De novo SNP calling and demographic inference using trio genome data


Tezin Türü: Yüksek Lisans

Tezin Yürütüldüğü Kurum: Orta Doğu Teknik Üniversitesi, Enformatik Enstitüsü, Sağlık Bilişimi Anabilim Dalı, Türkiye

Tezin Onay Tarihi: 2019

Tezin Dili: İngilizce

Öğrenci: ELİF BOZLAK

Asıl Danışman (Eş Danışmanlı Tezler İçin): Aybar Can Acar

Eş Danışman: Mehmet Somel

Özet:

De novo mutations are novel mutations which are found in the offspring but not the parents and do not obey the Mendelian inheritance rules. Determining how many de novo mutations occur is important for genetic studies since they help to understand the evolutionary history of populations. In this thesis, we aim to examine de novo mutations that occur within one generation in domestic horses and make estimations on horse demographic history. We used DNA-sequencing data produced by next-generation sequencing technologies from trio data of three different horse breeds: Lipizzaner, Noriker, Haflinger. After quality checks and mapping of the raw data we called genomic variants with three different variant calling algorithms.

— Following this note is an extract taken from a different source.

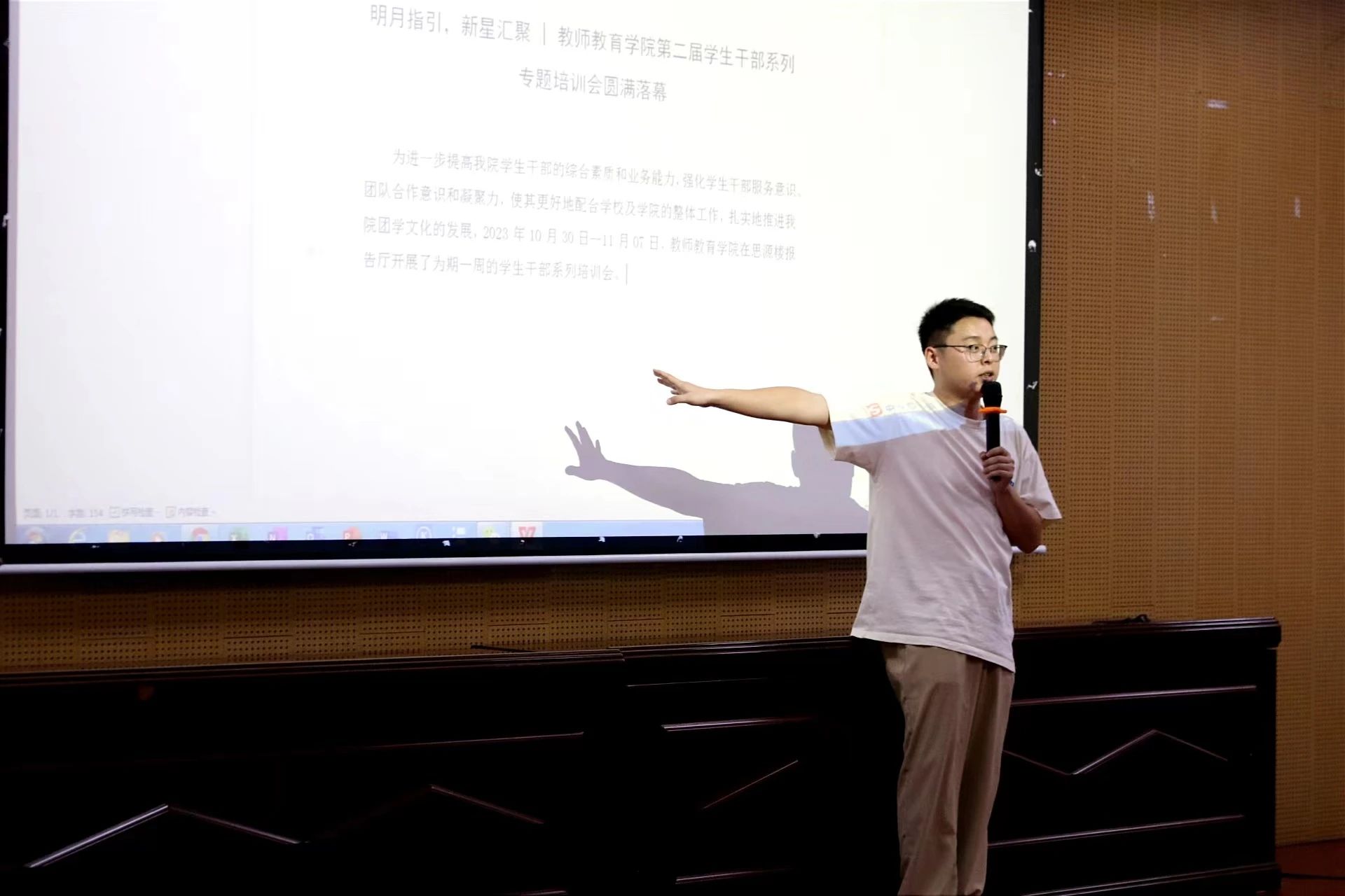 2023年10月30日-11月07日,教师教育学院在思源楼报告厅开展了为期一周的学生干部系列培训会。

We filtered all variants depending on their qualities to detect de novo candidates and the final 50 de novo candidates were tested using Sanger resequencing. About 40% of the candidate variants could be validated. We found a higher number of true positives in highly covered Lipizzaner (n=13) data, while a lower number of true positives in the low covered Noriker (n=3) and Haflinger (n=5) data, showing the importance of sequencing coverage to detect true de novo mutations. In addition, we used the Pairwise Sequentially Markovian Coalescent (PSMC) model and performed runs of homozygosity (ROH) analyses to estimate demographic history. Both PSMC and ROH results were coherent with previous studies. All in all, we had an idea for the minimum coverage threshold and quality of whole genome sequencing data, to determine de novo mutations and to estimate population demography.